An elderly Korean grandmother arrives to join her family on a remote American farm and soon causes trouble. No, I’m not talking about Minari, unfortunately, but rather the new Sam Raimi-produced horror film in which Sandra Oh experiences severe mommy issues. While the veteran actress does her best to infuse Umma (Korean for “mommy”) with some psychological depth to go along with its jump scares, this debut feature written and directed by Iris K. Shim proves the sort of minor chiller best experienced on late-night cable.
In this case, the grandmother happens to be dead, although that doesn’t stop her from popping up periodically (in the stern form of MeeWha Alana Lee) to wreak havoc on the lives of her daughter Amanda (Oh) and granddaughter Chris (Fivel Stewart, Atypical). Not that it’s hard to do, since the two seem to be already living a strange existence, supporting themselves on honey from their expansive bee colonies and living off the grid because Amanda apparently becomes ill if she’s anywhere near electricity. The two have formed a close, solitary bond, interrupted only by the occasional appearances of a friendly local (Dermot Mulroney, providing low-key gravitas) who sells their wares online. Although Fivel is approaching college age, she has no friends — and even if she did, she’d have no way of communicating with them since she has no cell phone.

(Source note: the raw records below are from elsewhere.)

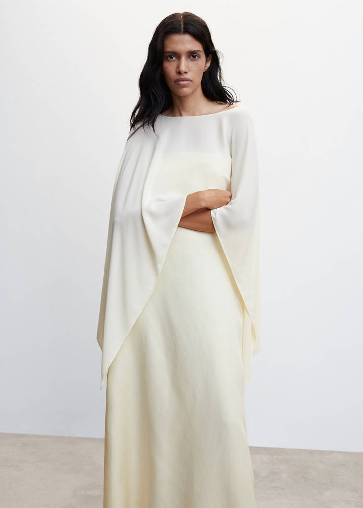 Tejido fluido. Diseño capa. Diseño corto. Cuello barco. Mangas acampanadas. Colección fiesta y ceremonia
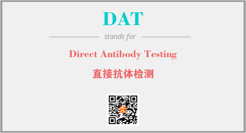 上述内容是“Direct Antibody Testing”作为“DAT”的缩写,解释为“直接抗体检测”时的信息,以及英文缩略词DAT所代表的英文单词,其对应的中文拼音、详细解释以及在英文中的流行度和相关分类、应用领域及应用示例等。
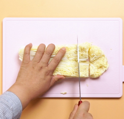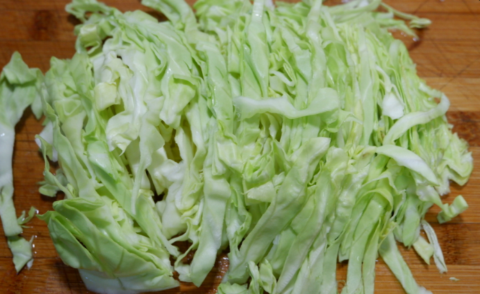 3、白菜洗净,对半切开。切成细丝。

Oh tries, but the movie’s mediocre.
Their peaceful life together is shattered by the unexpected arrival of Amanda’s uncle (Tom Yi) from Korea, who comes bearing a strange gift — a large box containing her recently deceased mother’s few possessions, as well as her ashes. Amanda, long estranged from her “umma,” wants no part of it, and for good reason, since bad things begin to happen not long after her uncle leaves. It seems that mother and daughter have some unfinished emotional business, which manifests itself by Amanda’s umma making eerie appearances and hectoring her daughter (in subtitled Korean).

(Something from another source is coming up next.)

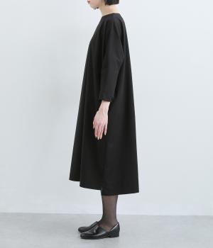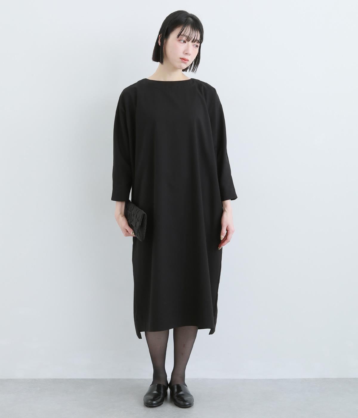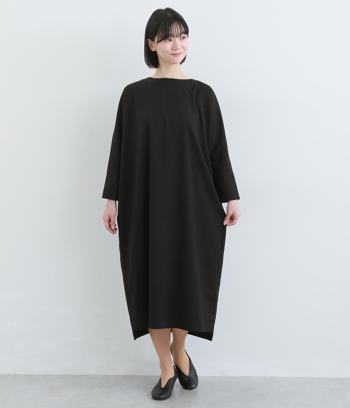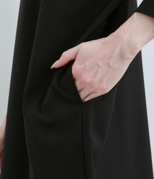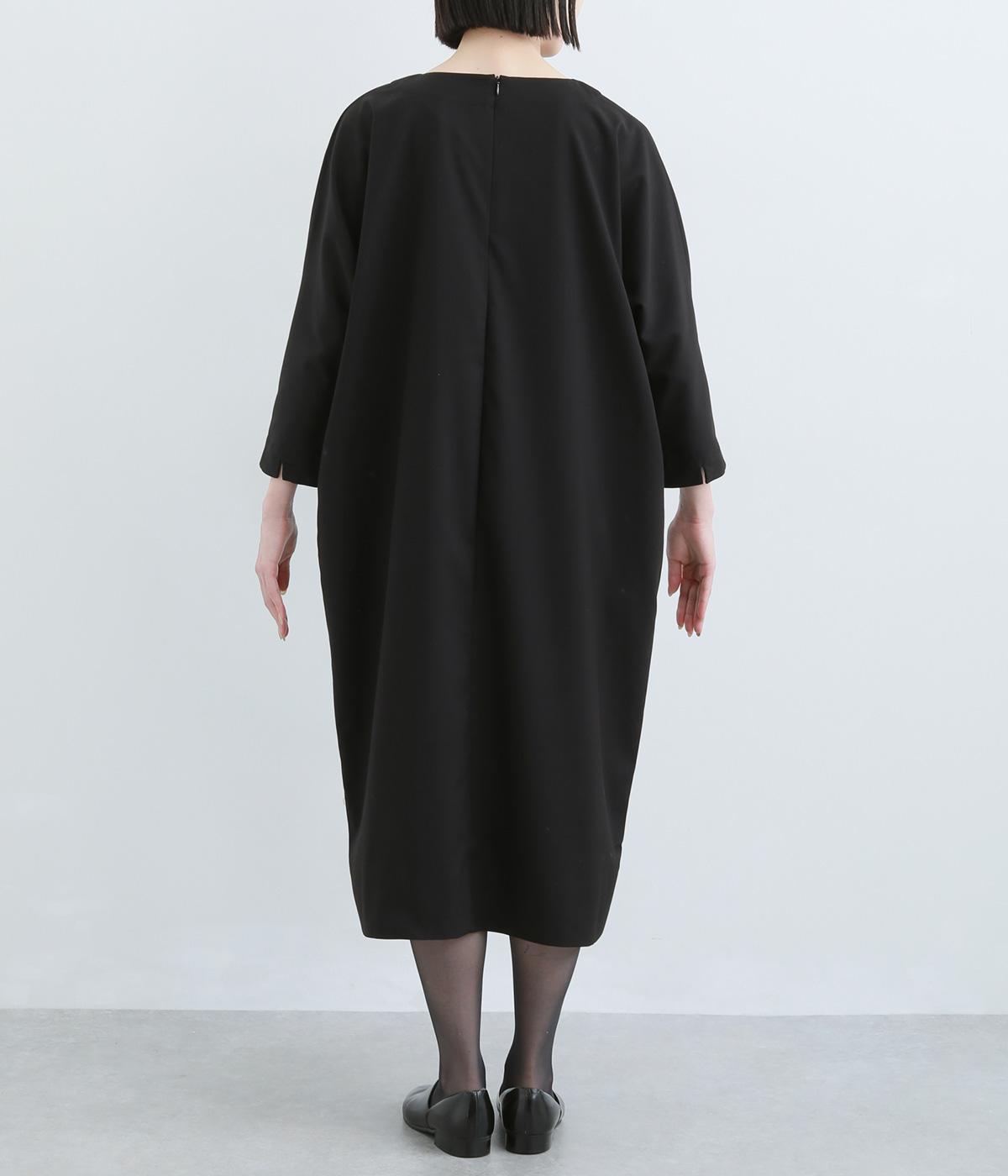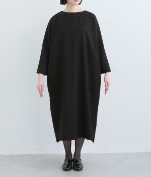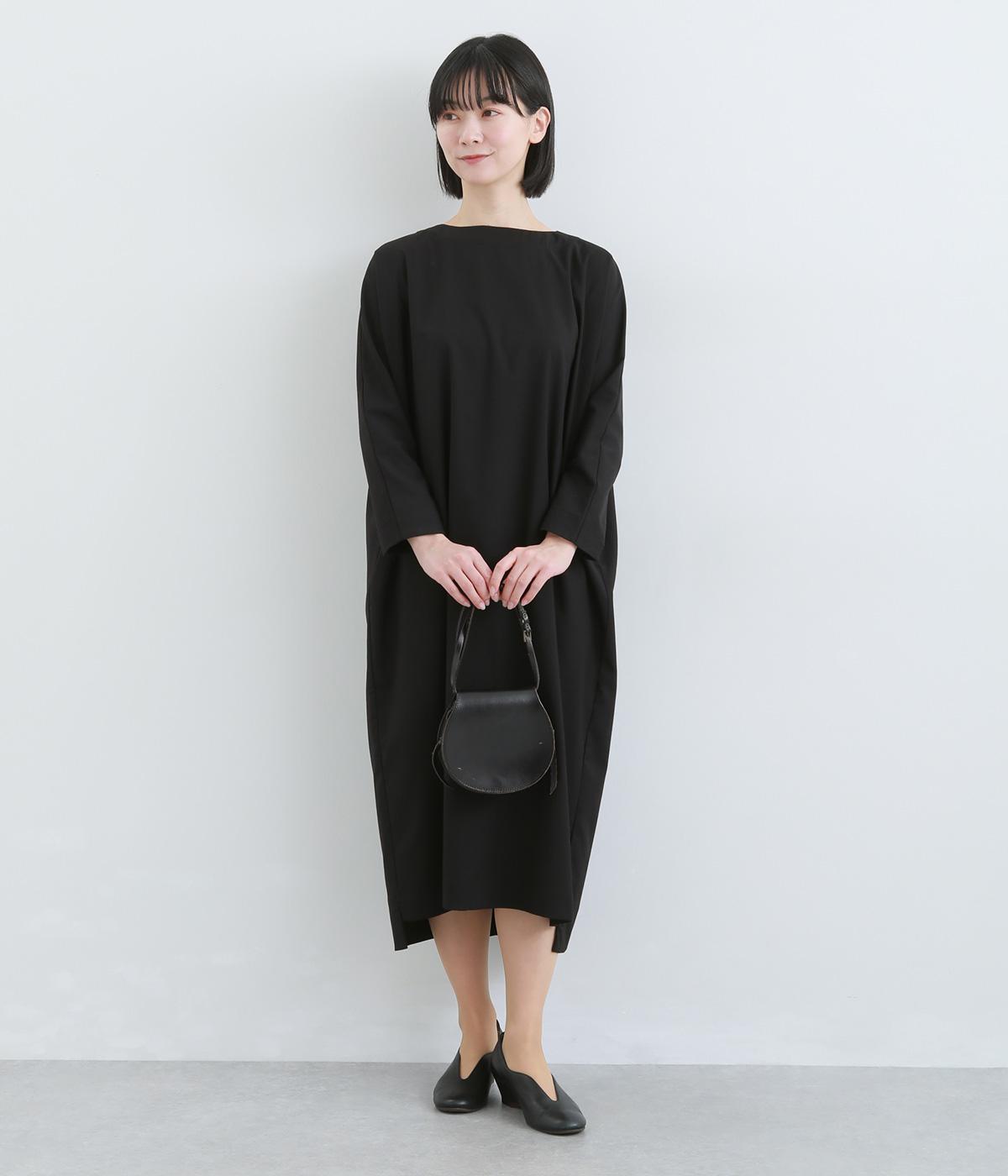 ドルマンシルエットのゆったりした着心地のワンピース。うしろファスナーが上品で洗練された印象を添えます。ほのかな前後差をつけた裾やスリット入りの袖が抜け感をプラス。フォーマルになじむ長めの丈感にもこだわりました。

“We started as one, and we’ll end as one,” Umma ominously warns Amanda as she seems to be slowly taking possession of her.
The film’s familiar horror elements are less interesting than the quiet dramatic moments in which Chris starts to come out of her shell with the aid of the business associate’s visiting niece (Odeya Rush), who befriends her and opens her eyes to the idea that her mother’s supposed allergy to electricity may be imaginary. Stewart’s sensitive performance as the confused daughter who loves her mother but yearns to establish her own life gives the proceedings some much-needed heart.
Writer-director Shin’s labored attempts to use genre tropes to explore the complexities of domineering mother-daughter relationships never fully develops. Plot elements are often left dangling and the storyline borders on incoherent at times, as if many scenes had been left on the cutting room floor (the film runs a brief 83 minutes including credits, which makes it seem less tight than choppy). There are more than a few scarily arresting moments, such as Amanda’s umma seemingly attempting to drag her daughter with her into her grave, but they never coalesce into a consistent visual style.
Oh, who’s on the other end of complicated mother/daughter relationship issues in the current Pixar release Turning Red, delivers a fully committed performance, gamely going through the physically demanding horror film paces and being unafraid to make her character sometimes unsympathetic. But her strong efforts are not enough to lift Umma above its mediocre B-movie status.